**REQUIRED ACTION**
Exclude the pictures. Transcribe exactly, and only, the lines from the one holding "Adele 25 Piano" to the end of the material below.

===== DATA EXCERPT

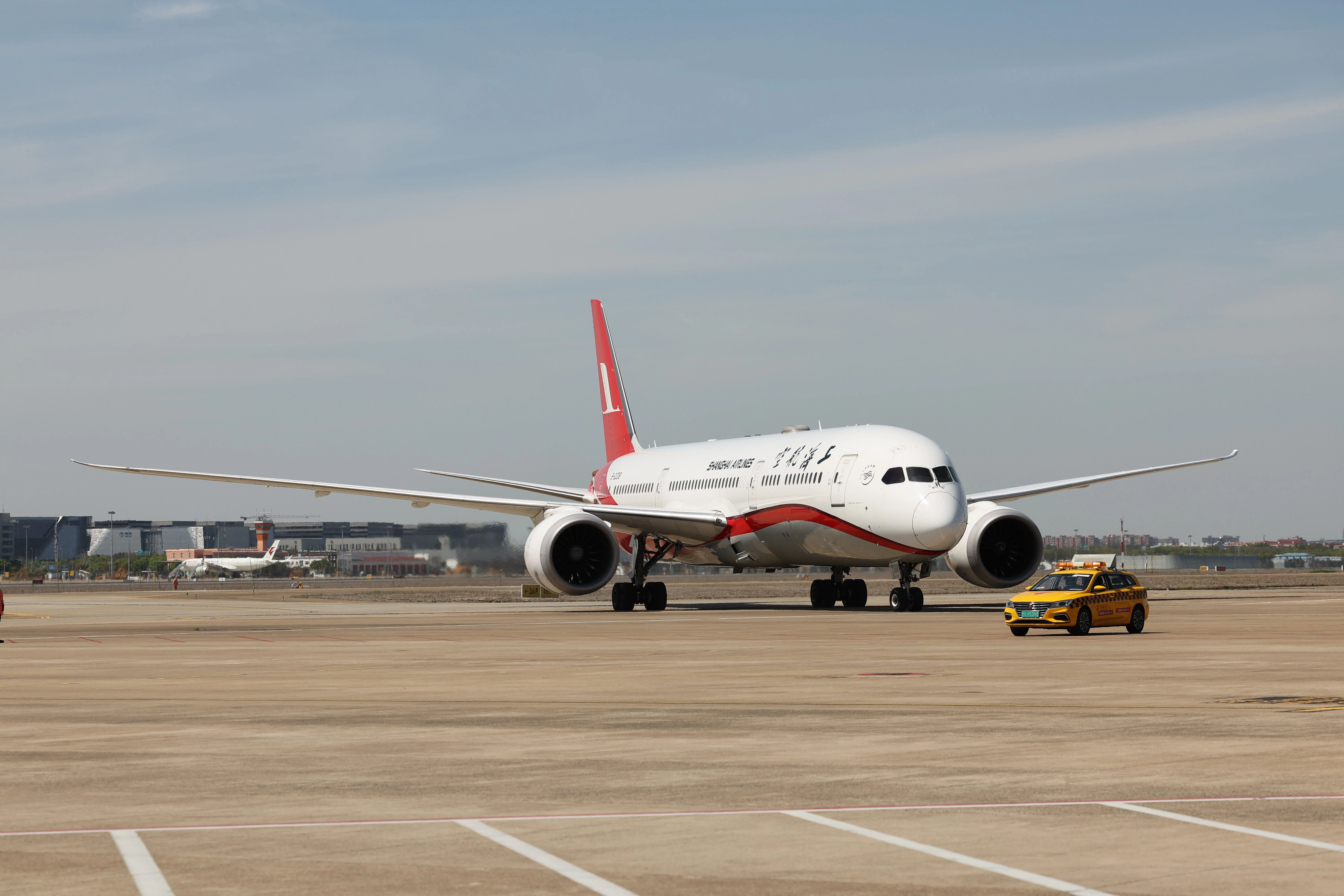 參訪團專機中午抵達上海虹橋機場。(新華社)
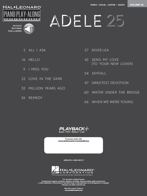 Adele 25 Piano Play Along Volume 32 Softcover Audio Online
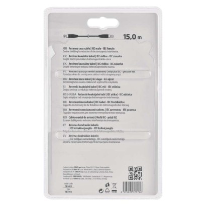 dĺžka: 15 m|konektory: IEC vidlica – IEC zásuvka|materiál: PVC|počet tienení: 2|predajný obal: 1 ks, blister|typ konektorov: 2× priame

==========

**ANSWER BELOW**
 Adele 25 Piano Play Along Volume 32 Softcover Audio Online
 dĺžka: 15 m|konektory: IEC vidlica – IEC zásuvka|materiál: PVC|počet tienení: 2|predajný obal: 1 ks, blister|typ konektorov: 2× priame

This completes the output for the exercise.